Task statement: Once the line containing "Call Silence/Mute Rate: Airtel, BSNL, RJIL" is found in the entries below, restate it and each following line word for word, stopping after the line containing "Delicate yet striking, these".

Data for the task:
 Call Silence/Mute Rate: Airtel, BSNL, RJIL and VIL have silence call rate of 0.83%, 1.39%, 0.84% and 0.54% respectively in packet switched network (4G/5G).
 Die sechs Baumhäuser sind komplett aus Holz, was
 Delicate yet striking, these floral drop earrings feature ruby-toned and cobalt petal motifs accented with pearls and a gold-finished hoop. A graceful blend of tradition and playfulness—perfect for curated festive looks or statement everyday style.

* * *

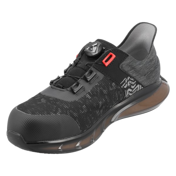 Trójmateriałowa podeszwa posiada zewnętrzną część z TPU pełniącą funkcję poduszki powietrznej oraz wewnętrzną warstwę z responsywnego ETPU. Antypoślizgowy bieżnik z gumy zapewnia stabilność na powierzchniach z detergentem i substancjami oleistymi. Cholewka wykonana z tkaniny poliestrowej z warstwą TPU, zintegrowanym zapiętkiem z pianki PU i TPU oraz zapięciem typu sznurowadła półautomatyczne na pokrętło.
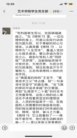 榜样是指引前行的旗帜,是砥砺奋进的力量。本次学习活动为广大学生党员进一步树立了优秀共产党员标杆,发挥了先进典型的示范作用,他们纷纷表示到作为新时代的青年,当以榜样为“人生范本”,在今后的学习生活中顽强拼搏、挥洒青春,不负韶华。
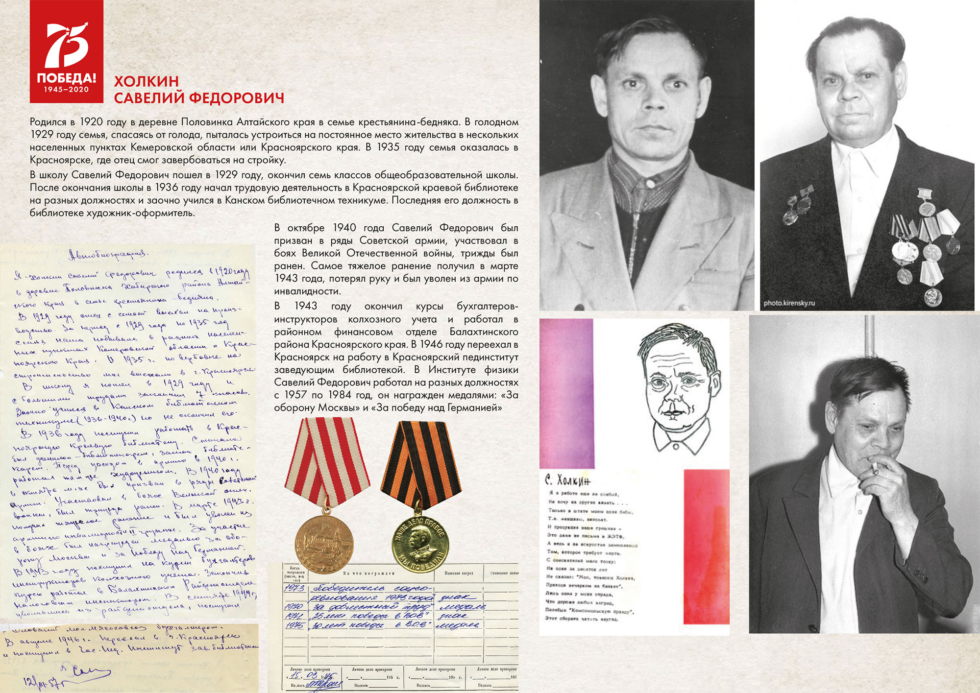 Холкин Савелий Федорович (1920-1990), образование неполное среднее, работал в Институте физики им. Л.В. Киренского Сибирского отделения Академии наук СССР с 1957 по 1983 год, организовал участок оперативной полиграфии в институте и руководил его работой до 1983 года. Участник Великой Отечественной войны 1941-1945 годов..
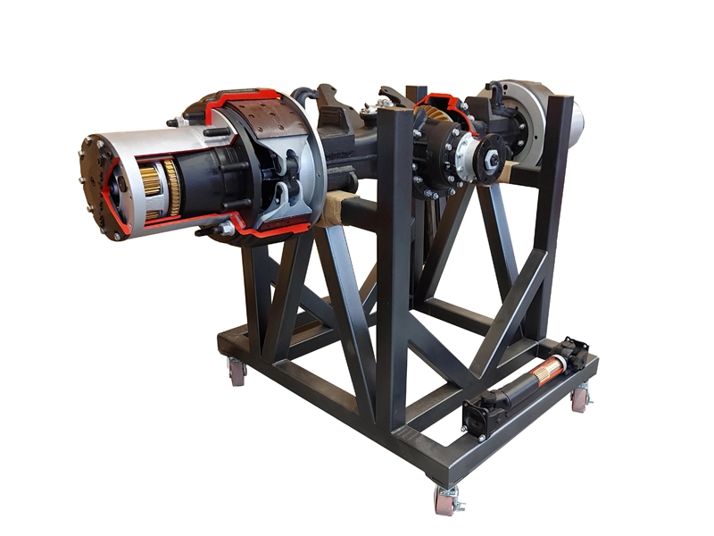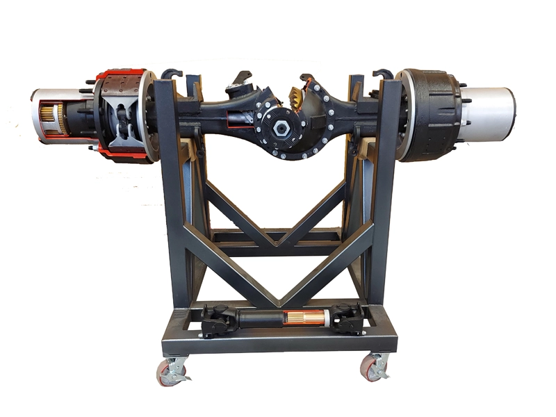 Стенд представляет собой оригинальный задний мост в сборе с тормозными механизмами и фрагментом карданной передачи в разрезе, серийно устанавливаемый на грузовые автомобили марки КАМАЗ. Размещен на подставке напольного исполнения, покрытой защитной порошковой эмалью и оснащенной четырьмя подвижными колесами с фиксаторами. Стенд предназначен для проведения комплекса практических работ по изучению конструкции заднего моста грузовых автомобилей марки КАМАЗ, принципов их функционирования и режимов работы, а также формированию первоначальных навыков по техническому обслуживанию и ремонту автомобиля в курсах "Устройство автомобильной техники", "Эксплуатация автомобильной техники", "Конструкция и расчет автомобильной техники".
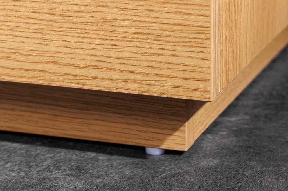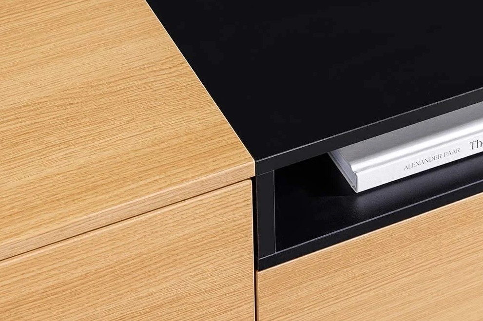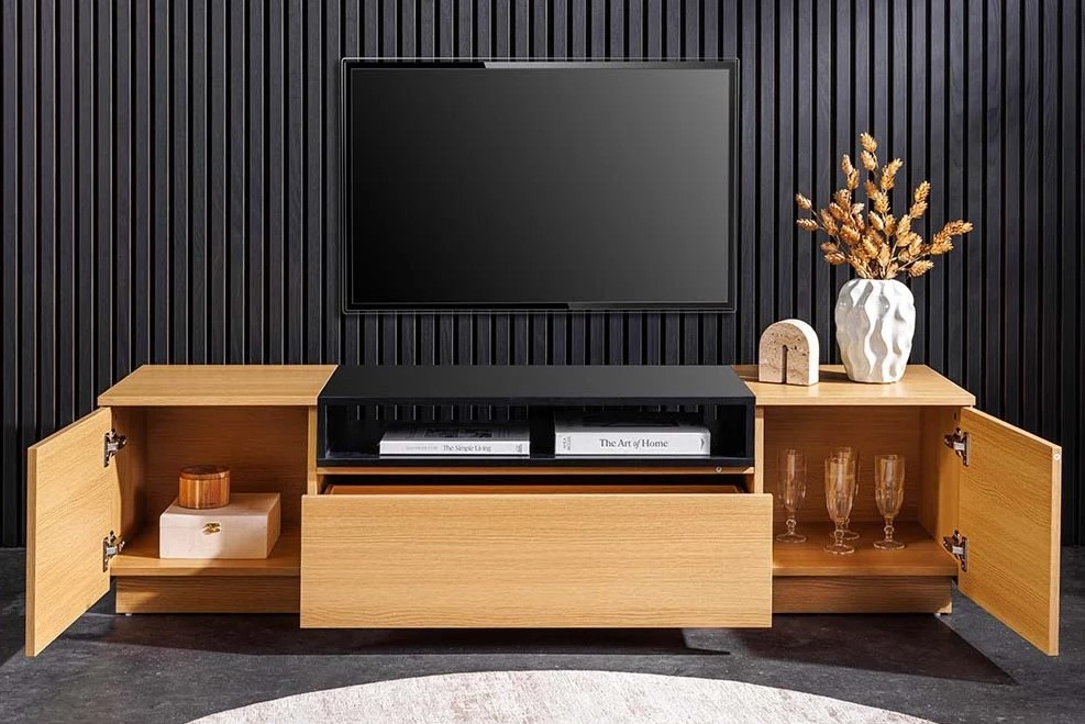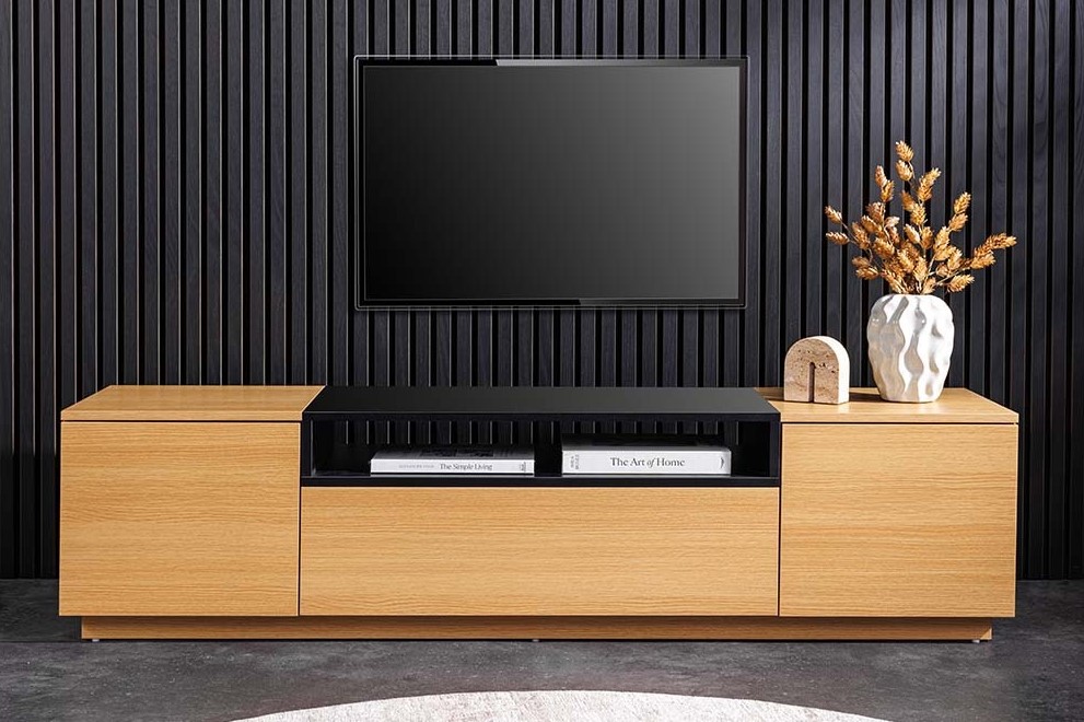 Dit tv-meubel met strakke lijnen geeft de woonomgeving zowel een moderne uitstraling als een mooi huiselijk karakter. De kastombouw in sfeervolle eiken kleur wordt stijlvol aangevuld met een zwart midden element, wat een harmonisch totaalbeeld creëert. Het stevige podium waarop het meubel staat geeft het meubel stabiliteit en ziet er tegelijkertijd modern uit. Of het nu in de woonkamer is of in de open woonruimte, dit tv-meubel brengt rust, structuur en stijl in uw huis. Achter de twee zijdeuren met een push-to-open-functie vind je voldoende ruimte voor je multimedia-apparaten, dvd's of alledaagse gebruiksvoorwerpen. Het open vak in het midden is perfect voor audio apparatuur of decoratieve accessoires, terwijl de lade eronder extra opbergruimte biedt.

Result for this exercise:
 Call Silence/Mute Rate: Airtel, BSNL, RJIL and VIL have silence call rate of 0.83%, 1.39%, 0.84% and 0.54% respectively in packet switched network (4G/5G).
 Die sechs Baumhäuser sind komplett aus Holz, was
 Delicate yet striking, these floral drop earrings feature ruby-toned and cobalt petal motifs accented with pearls and a gold-finished hoop. A graceful blend of tradition and playfulness—perfect for curated festive looks or statement everyday style.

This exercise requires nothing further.